Stopping the plague
Rejecting political Islam
June 4, 2006
iranian.com
The overall shadow of the Cold War helped consolidate Political Islam over most Muslim societies as an ideological bastion against communism.
Today, American support for Political Islam has gone to grotesque stories. In the case of Afghanistan, the pretext was “fighting communism” and in the case of Iran, the US, caught by a sense of immediacy and crass pragmatism, had to help the Islamic movement, as an alternative to the Shah’s regime, to set up a new bastion against an eventual socialist revolution in Iran. The Islamists finally became the Western support to install their God’s state in Iran. The main goal of this grotesque alliance between the West and the Iranian Islamists was not of course to free Iranian people from the dictatorship--from the Western side, the alliance was a tactic to keep away the country from a socialist revolution which was supposedly en route. And from the Islamists’s side; the alliance was an easier choice to establish their IRI.

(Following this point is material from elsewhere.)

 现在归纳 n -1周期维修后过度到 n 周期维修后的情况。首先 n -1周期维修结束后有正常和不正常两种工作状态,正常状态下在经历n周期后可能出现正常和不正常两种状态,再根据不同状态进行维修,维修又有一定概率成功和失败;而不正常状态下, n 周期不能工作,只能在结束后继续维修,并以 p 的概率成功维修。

These stories are fraught with ironies: Today's Political Islam, which is reborn with the Islamic Republic of Iran, after all, is partly the result of America's miscalculation in creating a Muslim "green belt" against “red” communism in the Middle East and partly due to the absence of an Iranian democratic movement in the period of the Iranian revolution to foil this plot.
The alliance with Islamist has forced Western governments to close their eyes not only to this transient ally’s brutality against their own people but also to their acts of terror against all humanity. The Western governments have reacted to terrorist regime of the Islamic Republic of Iran with mild rebukes and critical "dialogue."

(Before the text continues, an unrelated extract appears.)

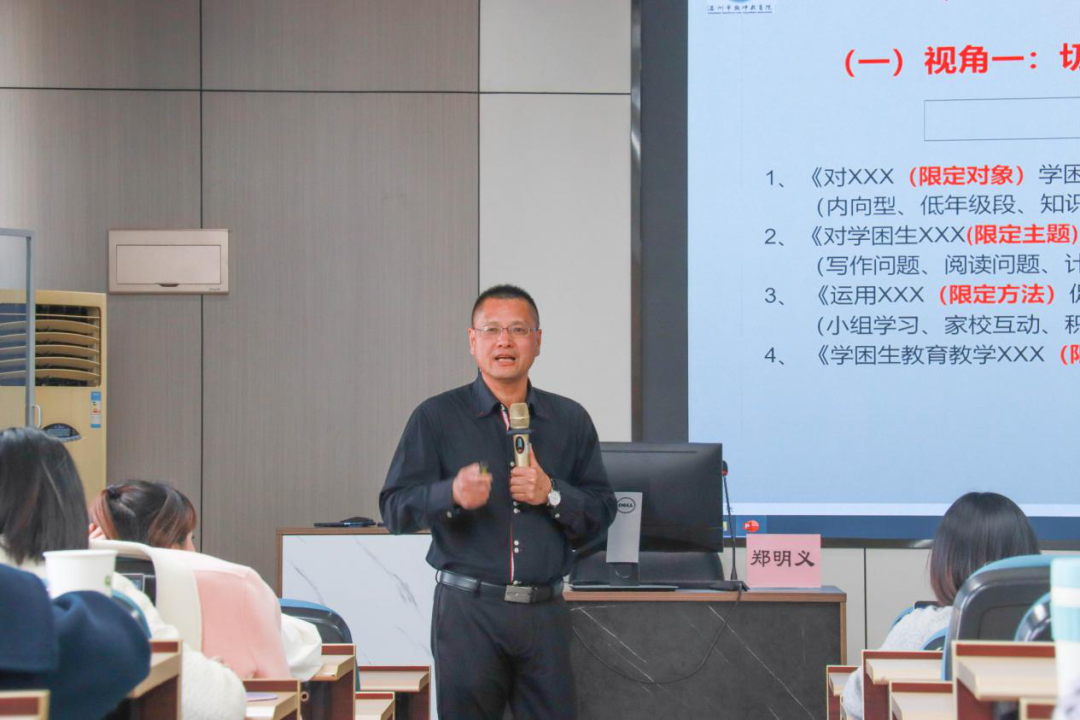 3月15日下午温州市教师财神捕鱼 郑明义老师给学员们带来了《教育课题研究的视角和成果提炼》的专题讲座。郑老师以其丰富的教育课题研究经验,为学员提炼了“切口小、观点正、案例真、逻辑清和视角新”五个方面的研究视角。并以个人负责或指导的省市级获奖课题为实例传授了选题技巧和修改策略。郑老师的课题研究指导极具实操性,对教师的课题研究价值定位、目标制订、过程推进及成果梳理有很大启发和帮助。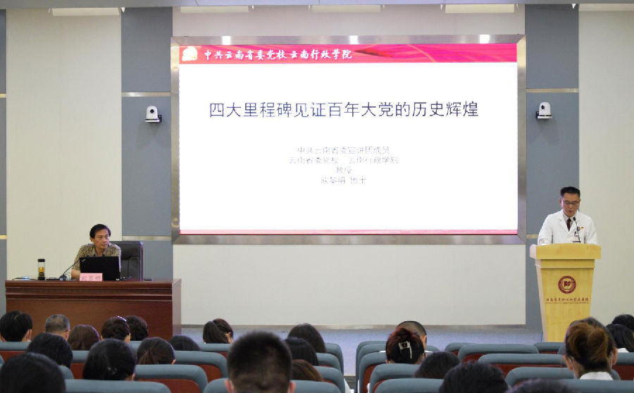 集中培训暨党史专题宣讲会邀请省委党史学习教育宣讲团成员、云南省委党校(云南行政学院)原副校长(副院长)欧黎明教授进行授课。欧教授以《四大里程碑见证百年大党历史辉煌》为题,以党的四个重要历史时期为主线,从建党的开天辟地,到新中国成立的改天换地,到改革开放的翻天覆地,再到中国特色社会主义的新征程四大里程碑事件深刻阐释了百年来我们党团结带领人民走过的艰难而光辉的历程,取得的伟大而辉煌的成就。

Shortly after establishing their Islamists regimes, the IRI and late Taliban have used respectively Iran and Afghanistan to international bases of Islamist terrorism. Jihadist centers of recruitment and training have set up dreadful colons of killers. These are to consolidate the local dictatorship of Political Islam and to spread Islamist terrorism worldwide. The West still underestimated threats of political Islam. Today, the IRI remains as the main base of international terrorism.
Political Islam has resulted worldwide in violence and acts of terrorism. Although some Western countries, under their public pressure, consider Political Islam a threat to their status as secular society, the irony is that they have not yet taken adequate measures to even prevent its growth in the Western societies. More and more various Islamist persons and groups are active in many Western societies, creating more problems for the international community.
Although Islamism developed in societies with a Muslim majority, it is now an international phenomenon. Its message is to fight the “profane” world of non Muslims, its activities are subject to widespread acts of violence and intolerance and its goal is to globally impose Islamic states. There are no geographical limits to the spread of ideas and activities. Therefore, despite of appeasement of western governments, a solidarity is growing in the international community to push back the plague of Islamism worldwide.
Most Western people know that the financial resources of Islamists in the world are mainly from Saudi Arabi and the IRI but the terrorist actions and political goals of the Islamists are mostly orchestrated by the IRI. New jiahdists are always recruited from the Islamic schools, mosques, Tawheed institutes, all of which see their funding and number greatly increased in the Western societies.
After the Iranian revolution of 1979, Political Islam effectively reappeared in Iran and rapidly influenced the Islamic world. Political Islam in Iran set up itself with the combination of a traditional clergy and some Islamic groups. It claimed that Islam is both a faith and a political system with all socioeconomic models deprived from the Koran and Islamic traditions. Although these standard models have roots in the primitive clan society of pre-Islamic Arabia, the Islamists attempt to impose them on today’s society.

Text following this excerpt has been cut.